McFarlane is a native of Maine who thought one day he’d like to be an NHL player or a professional golfer. Both options evaporated when he hurt his hands in his early 20s hitting a tree root with a golf club, and he’s been teaching the game ever since. In his prime, he says, he often gave more than 2,000 lessons a year working at clubs or ranges in Canada and Florida. He took over the Golf Coast range two years ago, leasing the land from an owner who has told him he has no plans to develop it any time soon.

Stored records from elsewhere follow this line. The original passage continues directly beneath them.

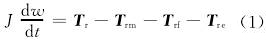 涡轮在转动时所受的力矩大致可分:流体对涡轮的推动力矩Tr,机械摩擦力矩Trm,流体对涡轮产生的流动阻力矩Trf和电磁阻力矩Tre。涡轮运动方程可以表示为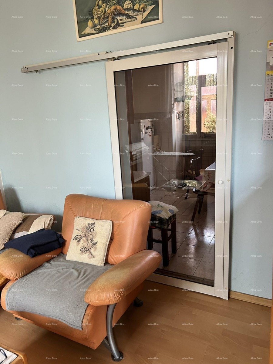 L'appartamento è in un'ottima posizione, prima fila al mare. L'appartamento è composto da un lungo corridoio, dove da un lato si trova il soggiorno, separato dalla cucina e dalla sala da pranzo tramite porte scorrevoli in vetro. Dall'altro lato del corridoio ci sono due camere da letto ed un bagno. Dalla cucina si accede al terrazzo sul retro dell'appartamento, dove si trovano anche un ampio cortile, un fabbricato ausiliario e un garage.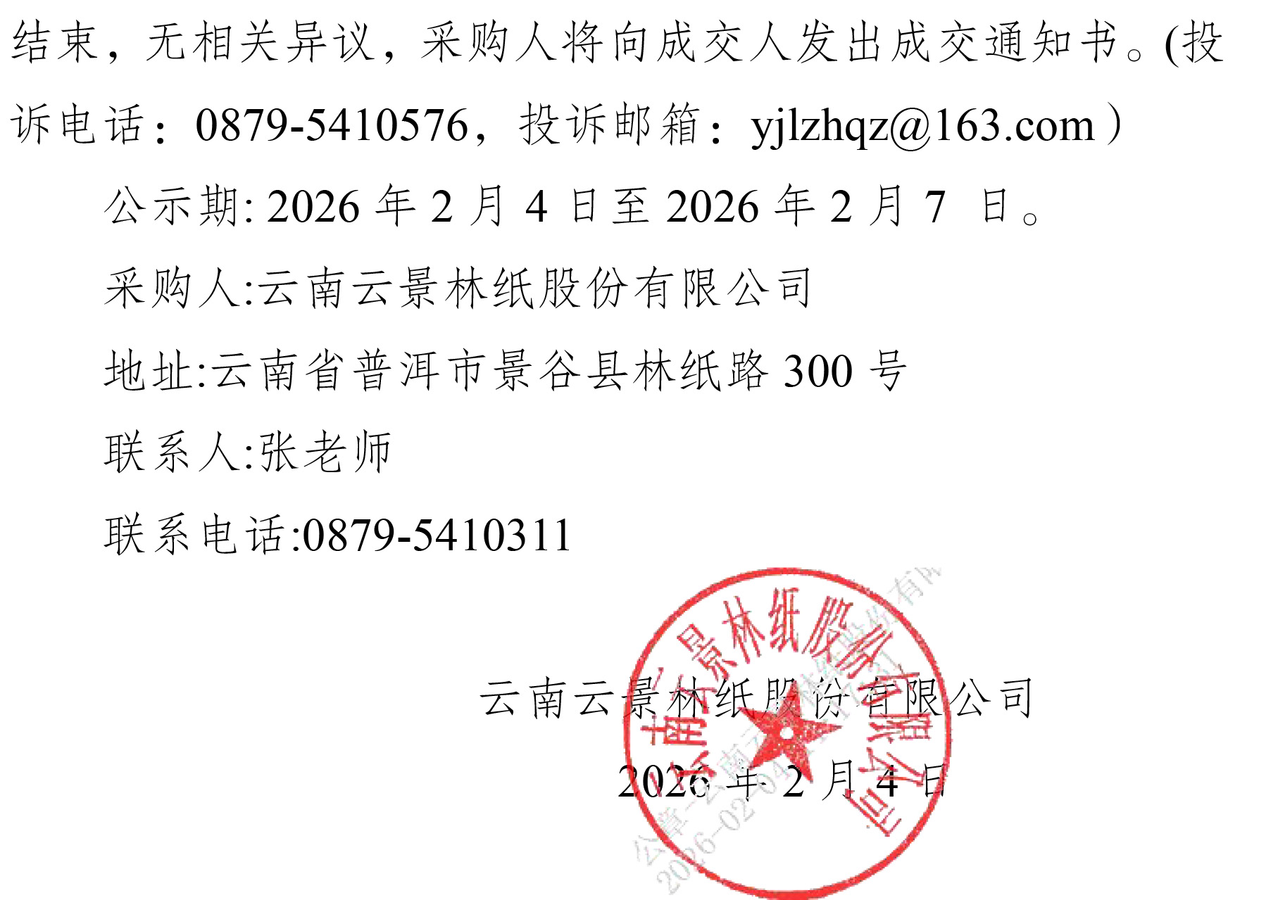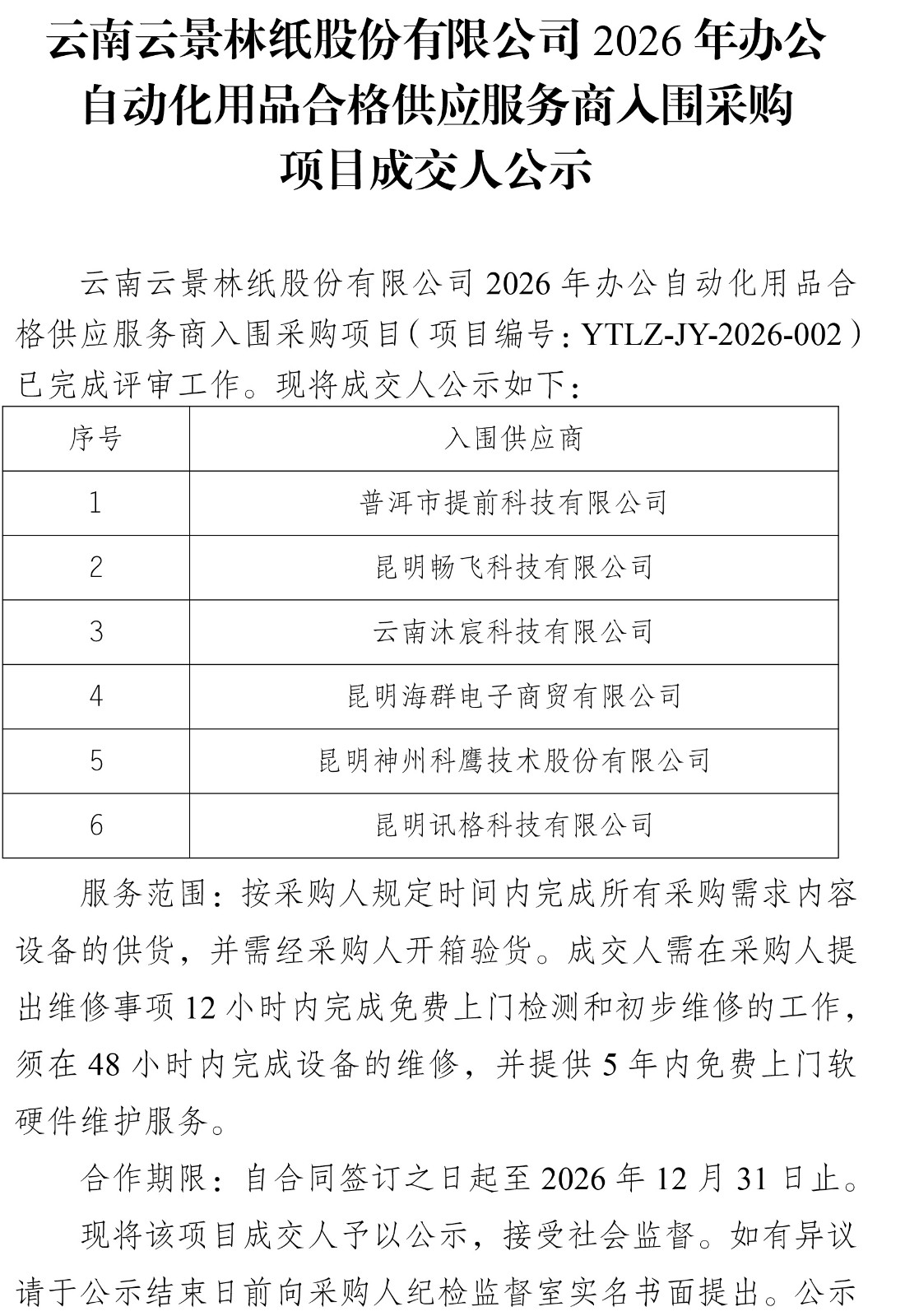云南云景林紙股份有限公司2026年辦公自動化用品合格供應(yīng)服務(wù)商人圍采購項目成交人公示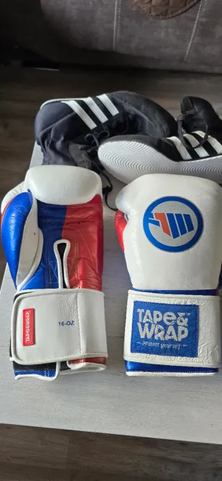 Guantes T&W como nuevos, usados 5 meses sin apenas desgaste, 16-0Z perfecto para entrenamientos y sparring, cierre belcro. Casco de barra Charlie original como nuevo usado 10-15 veces, cierres ajustables de cordon y belcro, barra protectora de nariz. Botas de boxeo adidas usas bastante pero perfectamente utilizable. Vendaje 3,5 m buena calidad. Todo junto nuevo vale 240 € Bolsas de guantes incluida. Vendo todo por separado también, hago envíos.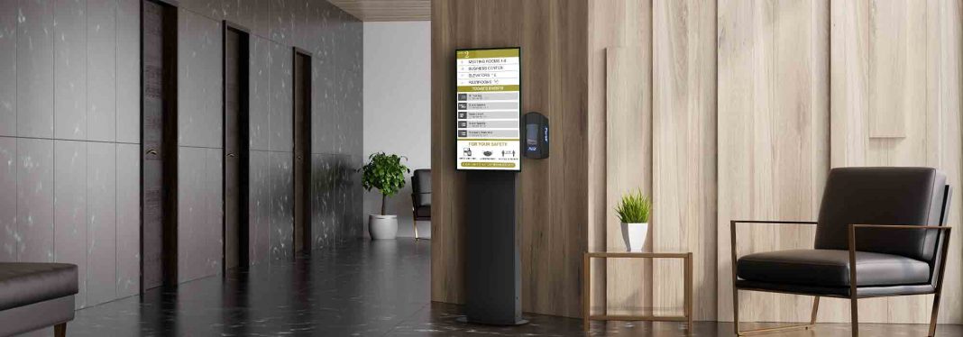 Quiosco Health Flex EP2710-B1: viene con un display de 27 pulgadas, reproductor multimedia y soporte para dispensador de desinfectante de manos: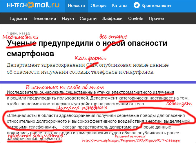 Далее начинаются чудеса с цитатой. В англоязычной новости она выглядит вполне пристойно: «Несмотря на то, что наука всё ещё развивается, среди некоторых специалистов в области общественного здоровья и представителей общественности есть опасения относительно долгосрочного и высокоэффективного воздействия энергии, выделяемой сотовыми телефонами», — сказала директор CDPH д-р Карен Смит. Проверяем по сайту CDPH — действительно, сказала именно так. Получается, что «серьёзные поводы для опасения» новостник mail.ru придумал? Получается. Ну и плюс он как-то так незаметно замёл под ковёр «некоторых специалистов» и «представителей общественности». В результате получилось, что не единичные фрики носятся с «фонящими» сотовыми, а прям нормальные такие исследователи, пачками.

"I pay him a monthly fee, and everything else is mine," he says. "My biggest job is keeping the grass growing. There’s an old saying in the driving range business that people want to hit off grass, but they don’t want to leave any grass. We seed here every day. I have 19 hitting positions from front to back. We’ll use an area until there’s no grass, then seed it. By the time we get back to that area, it’s grown back in and we start all over again. It’s expensive, but people appreciate it."

His clients pay $6, $8 or $10 a bucket, and he has regulars from all over the area—"doctors, lawyers, truck drivers, you name it, we get ’em here. All these private courses have ranges, but if you’re not a member of that club, where do you go to practice? You come here, that’s where," he says. "And I’ll teach anyone under the sun. It’s difficult to get world-class teaching at a public driving range, but that’s what you get when you come here, too."

McFarlane has written his own instructional book, Throw It, Don’t Hit It, and claims he can cut scads of strokes from a player’s score after only a few basic lessons. "I keep it simple and plain," he says.

Bowen Dillashaw, a retiree from Bonita Springs, is a Golf Coast range regular, hitting balls at least twice a week. "The man runs a nice operation," he says of McFarlane. "The range balls are in decent shape, you get to hit off grass and they just give you good service and treat you right. What else do you need?"

More driving ranges, and even better, more Frank Emmitts and Cec McFarlanes.